Interesting thoughts from Shawn on this debate. I linked to just one quote from Mathis’ post (which is what Shawn is responding to), but there’s a lot in that post that I disagree with.
(This is cherry picking, I know.) Mathis’ example of taking notes while on a Skype call is comical. You can do that on the iPad, just switch away from Skype to a note app — you even get the benefit of not seeing the shitty, ad-laden, Skype interface too. Of course, other things I simply cannot do — or only can do within the confines of one app — on the iPad.

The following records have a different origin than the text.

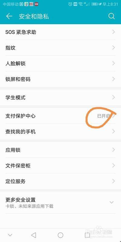 在页面中找到“支付保护中心”,如图所示,右边显示已开启。
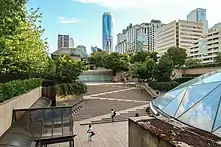 Built in Vancouver in 1979 as a large civic center, Erickson’s design included waterfalls, a roof garden, several plazas, and stairs with ramps integrated within. This complex is one of the few in North America that integrates everything from public space and landscape to a set of surrounding buildings, spanning from the art gallery to the law courts. As time goes on, more additions are being created that seem to contrast the original intent of the design. Glass barriers were installed near the waterfall, preventing people from getting close to it, as well as on the edges of planters to prevent people from being able to sit on them. It has also since lost the outdoor restaurants, cinema, and large auditorium that once existed on the site.[17] On the design of the roof garden, Erickson was assisted by his former student, architect Bing Thom; the landscape architect on Robson Square was Cornelia Oberlander.
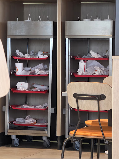 Schon beim Betreten fiel mir sofort auf, dass die Abstellwagen überfüllt waren – ein Problem, das ich in dieser Filiale sehr selten anders erlebt habe. Verärgert darüber, dass man an solchen schmutzigen Tischen essen soll, begann ich, Fotos zu machen. Als eine Mitarbeiterin bemerkte, dass ich ein Foto von dem überfüllten Wagen machte, wurde plötzlich gehandelt: Sie nahm die Wagen sofort mit und entleerte sie.
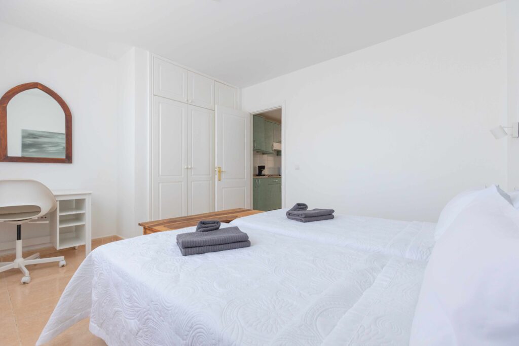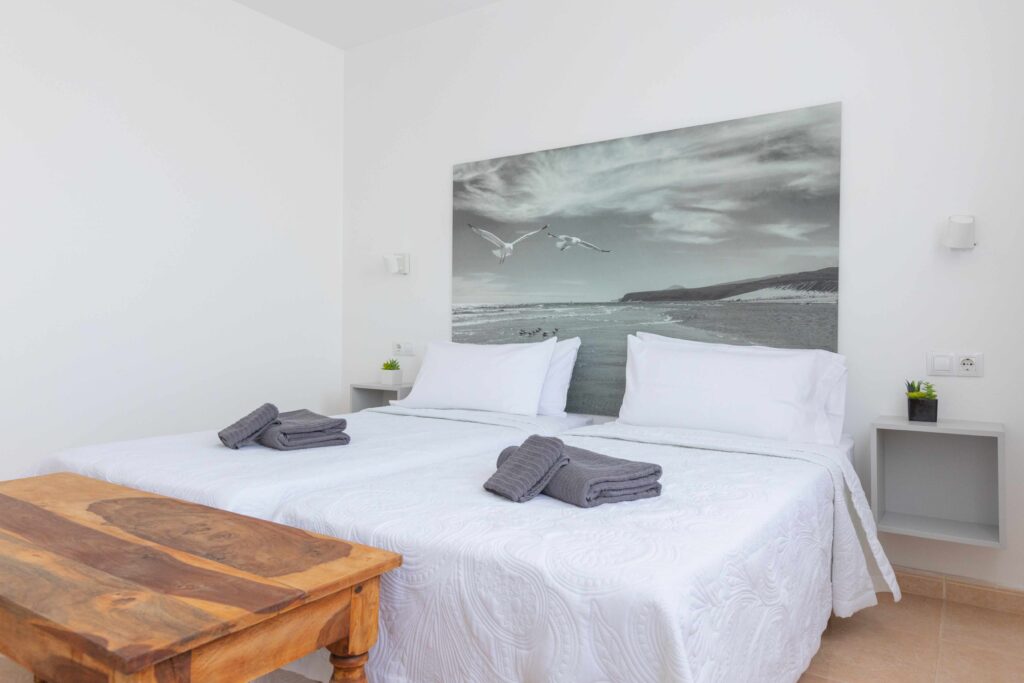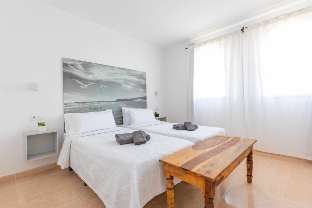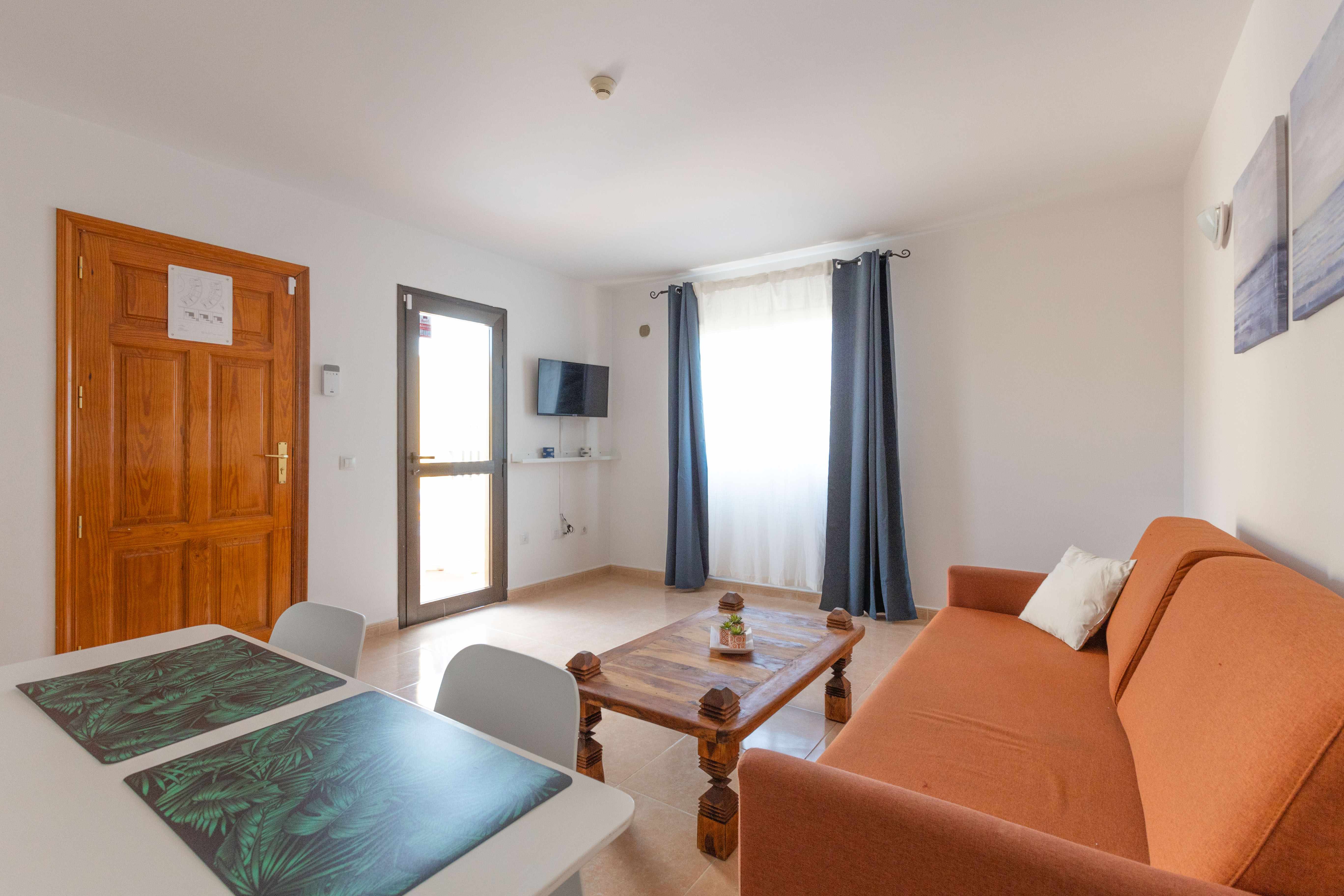 El piso está situado en la primera planta, por lo que se accede a él a través de una escalera. En el interior, se proporciona todo lo necesario: Vajilla y batería de cocina , Sandwichera, Cafetera americana, Cafetera italiana, Hervidor de agua, ,Microondas, Placa eléctrica con dos posiciones, Frigorífico, TV de pantalla plana, Lavadora, Bañera, Secador de pelo, Champú, Gel de ducha, Jabón de manos, Ropa de cama, baño y cocina, Plancha y tabla de planchar, Calentador de agua de 30 litros, WiFi, TODO INCLUIDO. El piso está situado en un barrio tranquilo. Se puede llegar al principio de la calle principal de Corralejo, disfrutando de un agradable paseo, en unos 10 minutos. Justo fuera de la residencia hay bares, una pizzería y el Supermercado Hiperdino Express. A sólo 15 minutos se encuentra el famoso centro comercial El Campanario, donde encontrará un supermercado bien surtido, bares, restaurantes, tiendas y todos los domingos y jueves un bonito mercado de artesanía local. Nuestro consejo es que alquile un coche para visitar la isla.
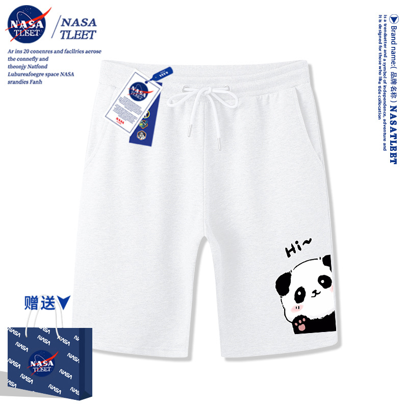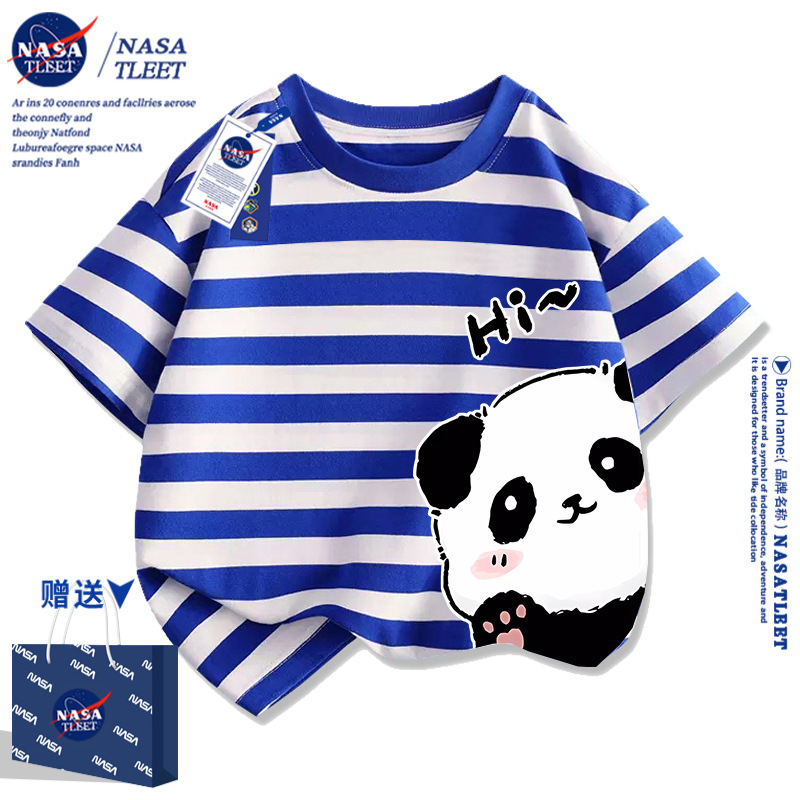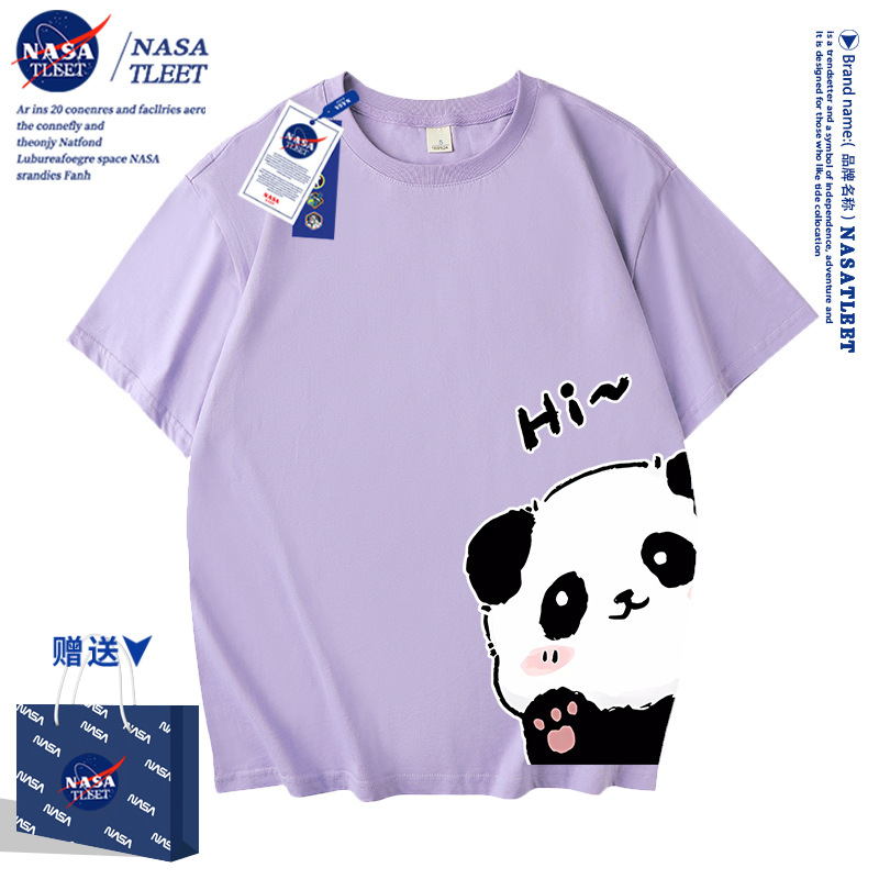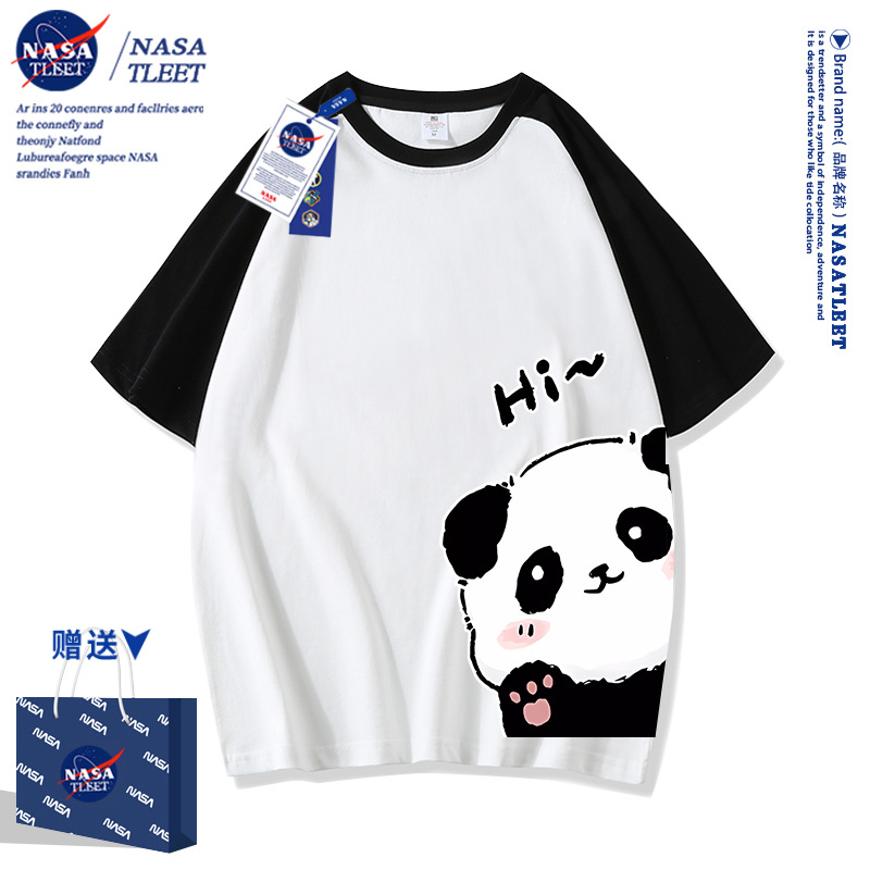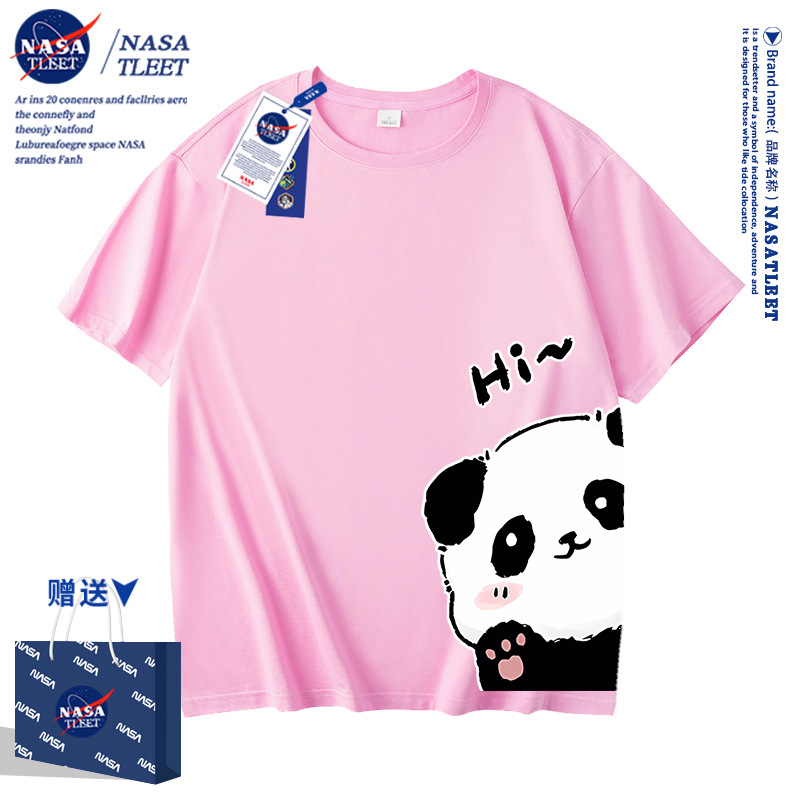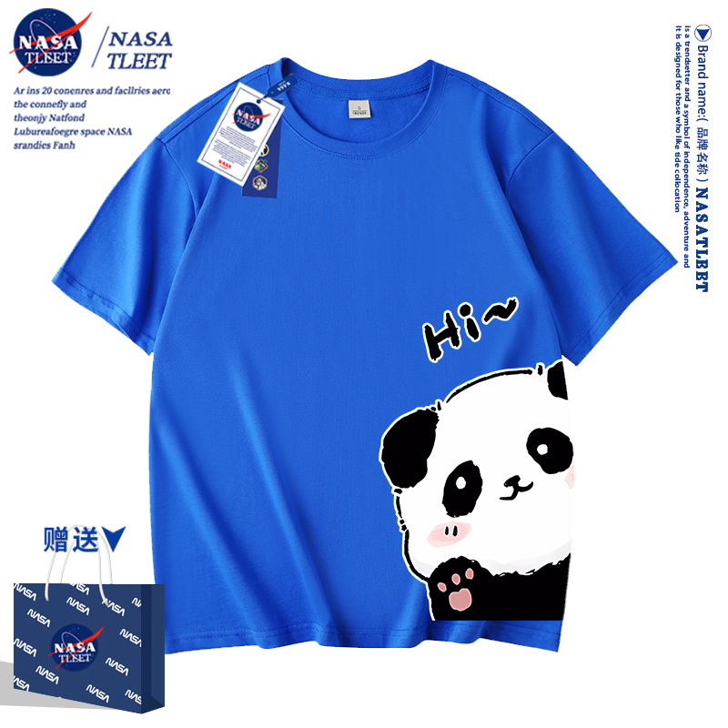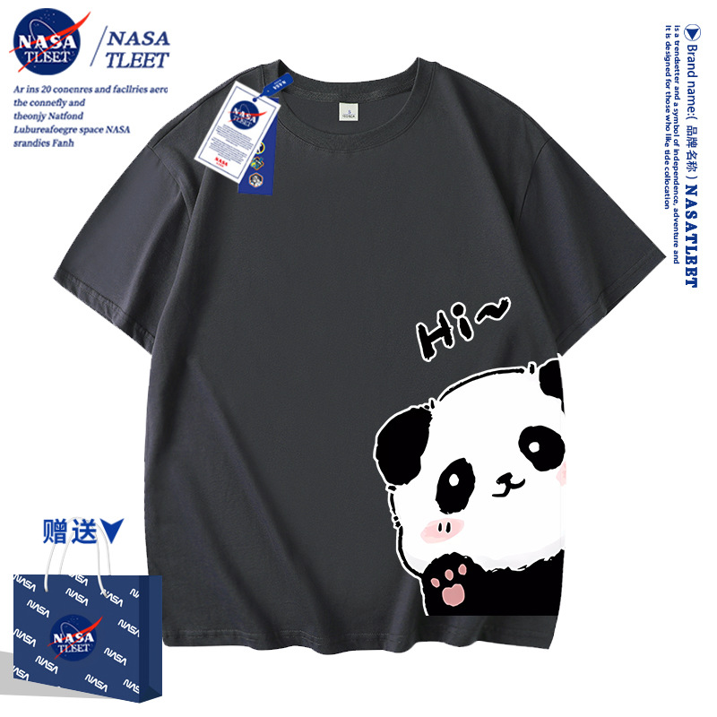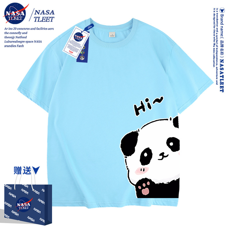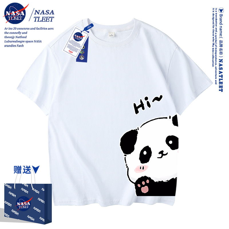 NASA 공동 브랜드 만화 귀여운 팬더 반팔 남성 및 여성 아동복 여름 새로운 순수 면화 유행 병 셔츠 느슨한 T스토어 가기
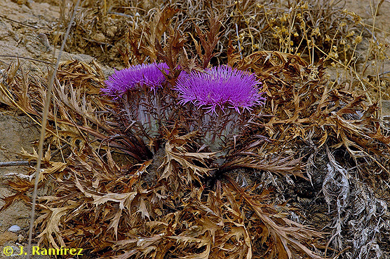 Pastizales nitrófilos, laderas pedregosas y claros de matorral, en sustratos calcáreos.
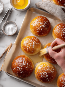 8. Repeat with all the dough balls, ensuring they’re evenly spaced on the baking sheet. Once all are boiled, brush the tops with a beaten egg for extra shine and sprinkle generously with coarse salt.
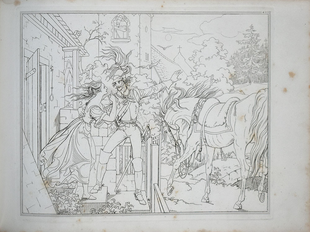 Insgesamt 137 Original-Umrissradierungen auf Tafeln von Moritz Retzsch. Darin: 1) Sechzehn Umrisse zu Schiller’s Kampf mit dem Drachen. Stuttgart, 1837. 16 Seiten. 16 Tafeln. 2) Acht Umrisse zu Schiller’s Fridolin oder der Gang nach dem Eisenhammer. ibidem, 1843. 8 Seiten. 8 Tafeln. 3) Schiller’s Pegasus im Joche. ibidem, 1837. 7 Seiten. 12 Tafeln. 4) Schiller’s Lied von der Glocke. ibidem, 1849. 16 Seiten. 40 Tafeln. 5) Umrisse zu Goethe’s Faust. Erster Theil. ibidem, 1837. 8 Seiten. 29 Tafeln. 6) Umrisse zu Goethes’s Faust. Zweiter Theil. ibidem, 1837. 4 Seiten. 11 Tafeln. 7) Umrisse zu Bürger’s Balladen. Leonore, das Lied vom Mann und des Pfarrer’s Tochter von Taubenhayn. Leipzig, 1840. 8 Seiten, 6 Tafeln; 4 Seiten, 4 Tafeln; 7 Seiten, 5 Tafeln. 8) [Fantasien]. [2] Seiten. s.l., um 1840. 6 Tafeln. Die Werke von Bürger und die Texte in deutscher und englischer, die Fantasien noch zusätzlich französischer Sprache. Einband etwas berieben und an den Kanten stellenweise beschabt, Ecken leicht bestoßen, Bindung vor der letzten Tafel leicht gelockert, Seiten und Tafeln durchweg leicht bis vereinzelt mäßig stockfleckig. Insgesamt gutes Exemplar.
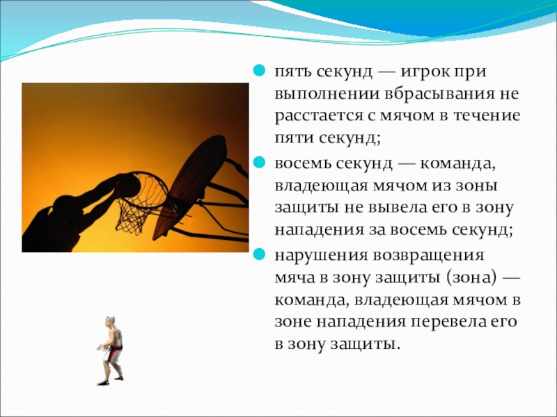 Слайд 9пять секунд — игрок при выполнении вбрасывания не расстается с мячом в
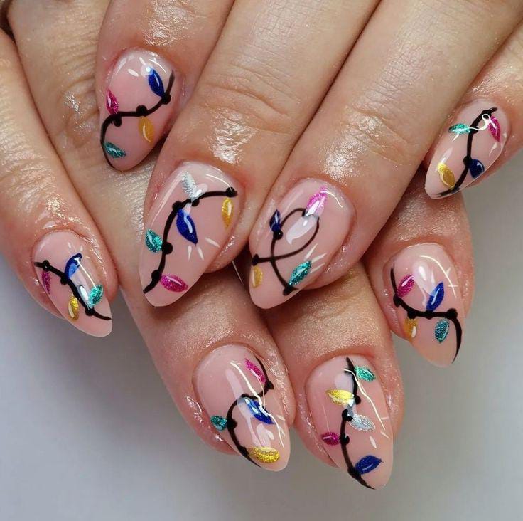 A clear nude base is wrapped with bright, multicolored string-light artwork, giving the nails a cheerful, Christmas festive glow that feels lively and fun.
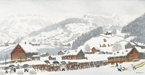 Appenzeller Winterlandschaft mit Kühen und Bauern

My stance on this has remained pretty steady: it doesn’t so much matter which tablet OS you use, as much as it matters what apps are on each of those tablets.
And that’s why I’ll always put my money on iOS. Yes, Windows 8 on Surface Pro 2 can run legacy Windows apps, albeit in a shitty non-touch-UI way. But guess what? So can my iPad, I do it weekly. I just boot up iTap RDP, log into my Windows machine and work in a really annoying fashion — which is pretty close sounding to how it is on the Surface. ((And if you don’t have a Windows machine, Amazon has you covered with their virtual machine program.))
I’m not saying that my solution is better, just that there is a solution on the iPad. Ultimately, somethings could be much better on iOS, but I’d argue that iOS has less to improve on than Windows 8, or Android has to improve on.
If I were forgoing a laptop, that’s when I might consider something like the Surface, but if I just want something that can stand in for my laptop here and there — iPad all the way.